I seen where Lukens Communcations and the Jim Owens is going to Bring Back the Old Nashville Network as a Digital Television Station starting in October 2012

http://watchtnn.com


----------



## MikeW (May 16, 2002)

Would be nice if they brought back that RTV network. What a disappointment that turned out to be.


----------



## Carl Spock (Sep 3, 2004)

Bill Anderson's toupee has been in cryogenic stasis, preserved since the network went off the air.


----------



## dpeters11 (May 30, 2007)

Well, that certainly isn't a network I ever expected to come back.


----------



## larry55 (Jun 3, 2010)

i watch it.


----------



## SayWhat? (Jun 7, 2009)

MikeW said:


> Would be nice if they brought back that RTV network. What a disappointment that turned out to be.


RTV is still on.



dpeters11 said:


> Well, that certainly isn't a network I ever expected to come back.

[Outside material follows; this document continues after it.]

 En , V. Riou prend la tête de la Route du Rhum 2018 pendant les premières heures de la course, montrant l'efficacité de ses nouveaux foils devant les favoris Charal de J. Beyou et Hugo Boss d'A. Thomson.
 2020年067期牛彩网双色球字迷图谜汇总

Hint, hint ..... RFD-TV and Rural TV are both doing well. Yeah, they're cable/sat channels, but still.

Makes me wonder if they'll drop RTV and make it TNN though.


----------



## dpeters11 (May 30, 2007)

SayWhat? said:


> RTV is still on.
> 
> Hint, hint ..... RFD-TV and Rural TV are both doing well. Yeah, they're cable/sat channels, but still.
> 
> Makes me wonder if they'll drop RTV and make it TNN though.

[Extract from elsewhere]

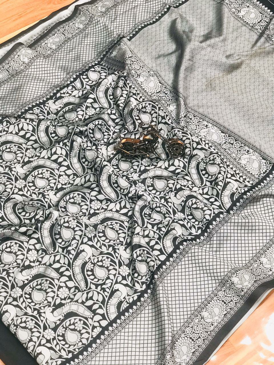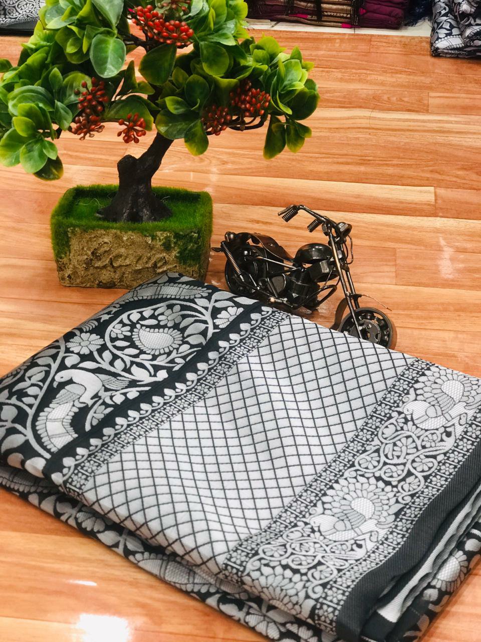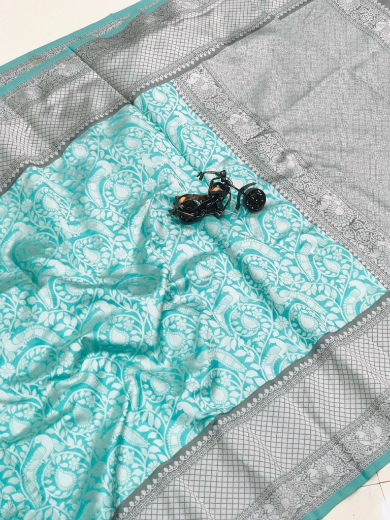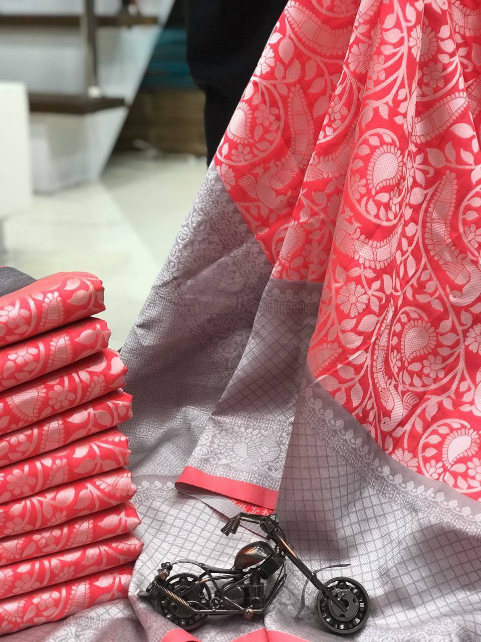 Fabric details – Soft silk Kanjivaram saree with beautiful pure Silver weaving, comes with 10 inch border on both side & rich silver zari weaving pallu

I knew that, but I still never expected The Nashville Network to make a reappearance.


----------



## Paul Secic (Dec 16, 2003)

LMckin said:


> I seen where Lukens Communcations and the Jim Owens is going to Bring Back the Old Nashville Network as a Digital Television Station starting in October 2012
> 
> http://watchtnn.com


I liked Hee Haw a lot.


----------



## SayWhat? (Jun 7, 2009)

Paul Secic said:


> I liked Hee Haw a lot.


Dish, Channel 231 (RFD-TV), Sunday evenings, 8PM Eastern. Repeated Monday mornings at 10AM Eastern


----------



## PrinceLH (Feb 18, 2003)

I wouldn't mind it, if they kept the new country crap, off of it. There's enough of that regurgitated 70's style pop music, that passes for country music these days, around the radio dial. Bring back the masters of Country, Ray Price, Willie Nelson and artists of that quality. It may become an underestimated winner!


----------



## machavez00 (Nov 2, 2006)

I wish DirecTV and TMS would update the OTA guide so I could get TNN when/if we get it here in Phoenix. Our Local RTV affiliate was moved from 7.2 to 7.3 for MeTV, neither of which I can get because they haven't correct the problem with 7.2, nor added 7.3


----------



## PrinceLH (Feb 18, 2003)

I wish that Directv would add MeTV, RTV and AntennaTV, along with TNN. Then I'd be happy!


----------